The commission which imposed a three-match ban on Manchester United striker Edinson Cavani for the use of a racial term on social media expressed “surprise” that he had received no media training from the club.
The three-man independent regulatory commission accepted Cavani had not intended to cause offence when using the word ‘negrito’ in an Instagram post on November 29, and imposed the minimum possible sanction. The post was in reply to a friend, Pablo Fernandez, who told the commission ‘negrito’ is his lifelong nickname.
The decision to sanction Cavani has been criticised by the South American football confederation, CONMEBOL, among others, who point out that it can be used as a term of affection on the continent.
The Uruguayan deleted the post immediately and apologised for any offence caused, but there was shock from the commission that United had not at that stage given the player media training, given the size of Cavani’s Instagram following.
The independent regulatory commission’s written reasons for Edinson Cavani’s sanction have now been published and can be found here: https://t.co/7GjXZKlOuw.— FA Spokesperson (@FAspokesperson) January 7, 2021
“In light of the player’s high profile in the game, his inability to speak English and the fact that he had approaching eight million Instagram followers, the commission were surprised that no such ‘training’ had been specifically put in place for the player by his club,” it stated in its written reasons for issuing the ban.
However, it noted in its mitigating factors that Cavani and the club “have taken steps to ensure that the player has a greater understanding of his responsibilities on social media”.

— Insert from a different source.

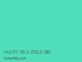 Yxy 57.45,0.253,0.38 Color is a normal cyan color and the nearest color is Eucalyptus #44d7a8. Hex code #50deba and RGB value is rgb(80,222,186). In RGB color space, this color is composed of 31% red, 87% green, 73% blue, In CMYK color space, this color is composed of 64% cyan, 0% magenta, 16% yellow , 13% black , In HSL color space, this color has a hue angle of 165° , 68% saturation and 59% lightness.
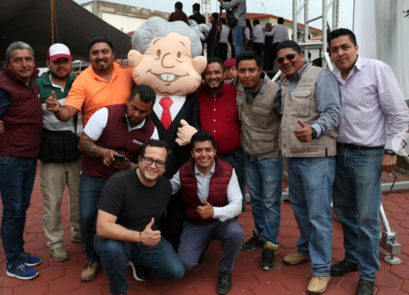 “En sus recorridos por la zona de Texcoco, José Ramón coincidió con Marco Antonio Negrete Galicia, quien alternaba su labor como administrador de HMC Negrete y como promotor de Morena. Del encuentro del hijo de AMLO con el “facturero” hay constancia en fotografías que éste compartió en su cuenta de Facebook. En una de las imágenes tomadas durante la campaña presidencial de 2018, José Ramón aparece en cuclillas, posando con un grupo de promotores de Morena, entre ellos Marco Antonio Negrete Galicia y su entonces empleado Rodrigo Violante (actual funcionario de la Presidencia), quienes sonríen junto a una botarga de López Obrador”.

It is understood that the requirement for Cavani to quarantine immediately disrupted normal orientation activities, which would usually have included media training, and the post was sent before this had been rearranged.
However, sources close to the club have questioned how possible it would have been for media training to have covered such a specific set of circumstances as occurred in this case.
The standard minimum sanction for an on-pitch offence is now six matches, but written offences can attract a lower tariff where the commission is satisfied there was no genuine intent to be discriminatory or offensive.
In imposing a three-match ban, the commission wrote: “The unique circumstances and facts of this player’s case were of such significance that a departure from the standard minimum was justified in order to avoid an unjust outcome.”
It was the FA’s case that a reasonable observer with no understanding of the South American cultural norms around the word ‘negrito’ would inevitably see the words as racially offensive, but the commission was satisfied that the post had been sent in “affectionate appreciation” of a friend offering him their congratulations.
As well as the three-match ban, Cavani was fined £100,000.
Manchester United said on New Year’s Eve, when the ban was issued: “As he has stated, Edinson Cavani wasn’t aware that his words could have been misconstrued and he sincerely apologised for the post and to anyone who was offended.
“Despite his honest belief that he was simply sending an affectionate thank you in response to a congratulatory message from a close friend, he chose not to contest the charge out of respect for, and solidarity with, the FA and the fight against racism in football.
“While it is clear that context and intent are key factors, we note that the independent regulatory commission was required to impose a minimum three-game suspension.
“The club trusts that the independent regulatory commission will make it clear in its written reasons that Edinson Cavani is not a racist, nor was there any racist intent in relation to his post.”